I think I need to use a Poisson-family regression or negative binomial regression. My variables are as follows: Y is an integer value ranging from 0 to ~1200. It represents sums (number of species summed over an areal unit). There are in fact many zeroes but no negative values. X1 is a categorical variable, x2 is continuous (which also contains a few zeroes) and X3 is categorical. All are positive values. Variance of Y is larger than the mean.
Y X1 x2 X3 Min. : 0.00 01:29551 Min. : 0.000 2009 : 2474 1st Qu.: 5.00 02:72289 1st Qu.: 7.646 2010:28484 Median : 23.00 Median :13.000 2011: 882 Mean : 77.21 Mean :12.634 3rd Qu.: 80.00 3rd Qu.:17.000 Max. :1155.00 Max. :30.000
Y is negatively skewed (i.e., skewed to the left). Histograms of residuals from a basic linear model (lm) and a QQ plot indicates the results are also skewed. The residuals plotted against fitted values also indicate that a linear model may not be appropriate because more points are above the line than below (across all values of x). Is it correct to use GLM with a poisson distribution with log link in this case?
Mydata.poisson <- glm(Y~X1 +x2 + X3 +x2:X3, family=poisson, data=mydata)
Or more specifically, should I use the quasi-poisson? (in the regular poisson, my df was “31839 Total (i.e. Null); 31833 Residual”, Null Deviance was 1085000 and Residual deviance was 1079000). Also I believe this would be a case where I need to use a zero-inflated model? I am confused as to how to set this kind of model up. I read that a negative binomial distribution is similar to a poisson distribution, and better to use when the variance of your Y is greater than its mean, but isn't a binomial regression used when your response is binary?
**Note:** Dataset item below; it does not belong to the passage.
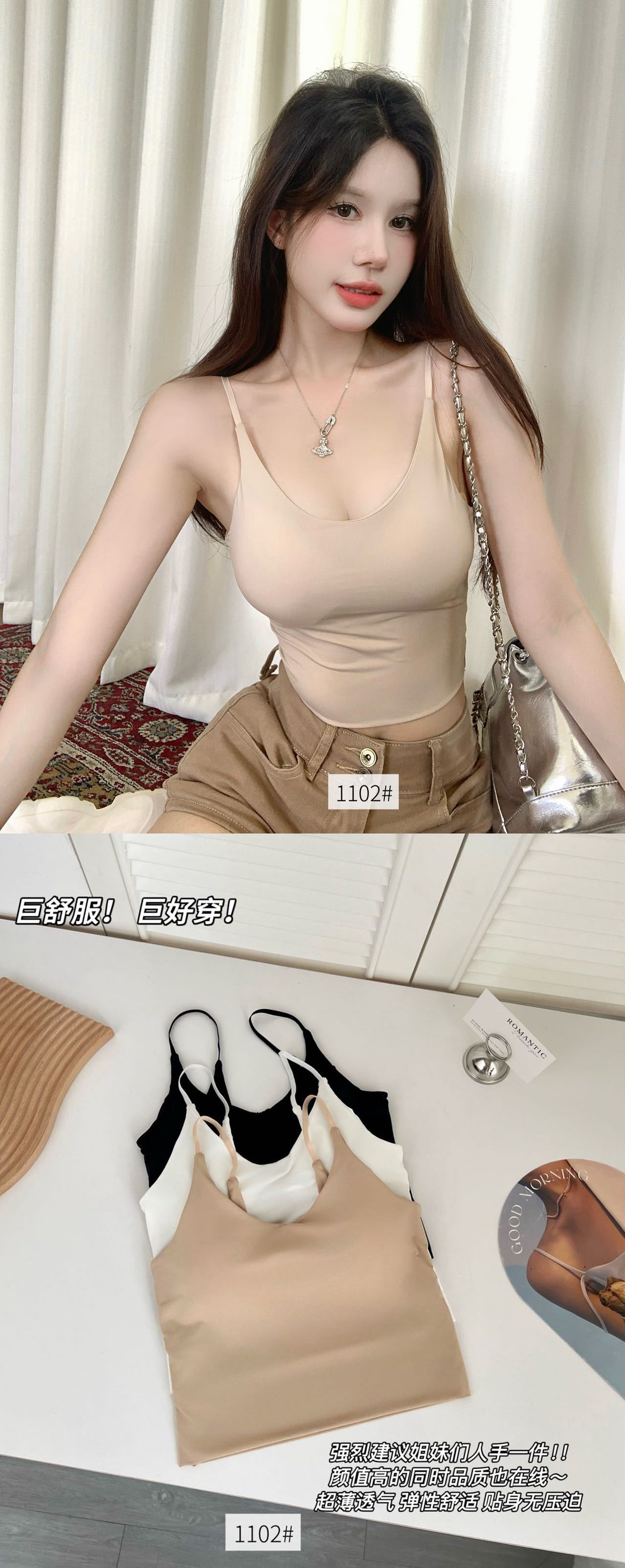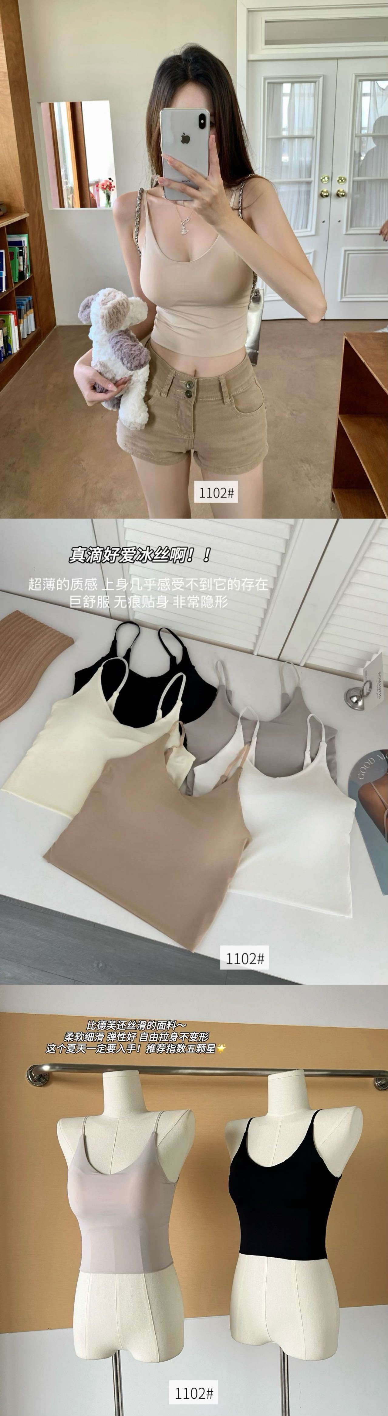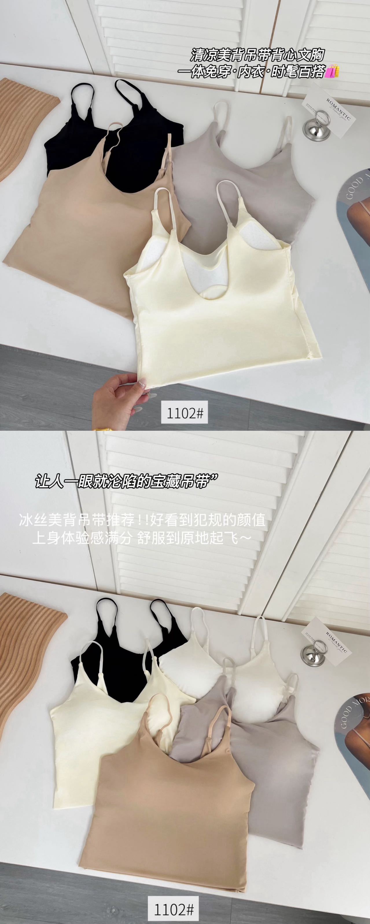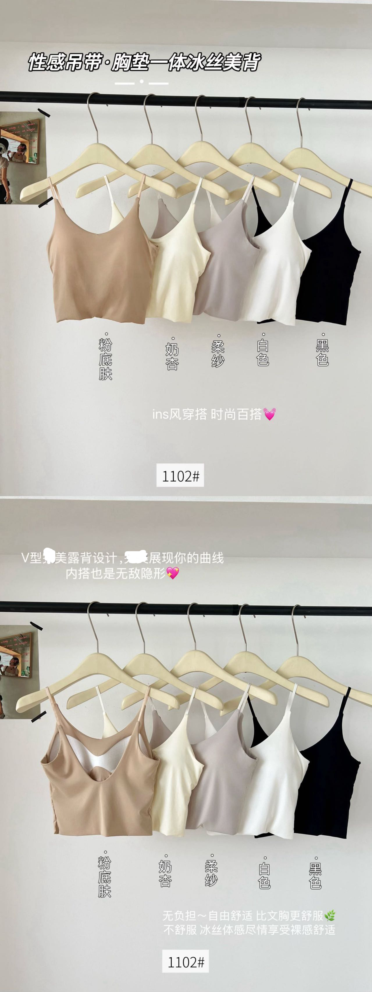 品名:一体式无痕冰丝V型美背吊带

EDIT: I have used the following negative binomial model:
Mydata.nb <- glm.nb(Y~X1 +x2 + X3 +x2:X3, data=mydata)
I understand that one should still check the residuals to see if the assumption of linearity holds (e.g., see discussion here: What are the assumptions of negative binomial regression?). A plot of the standardized residuals is included below and suggests that perhaps the relationship is not very linear. Would you agree? How can I resolve this?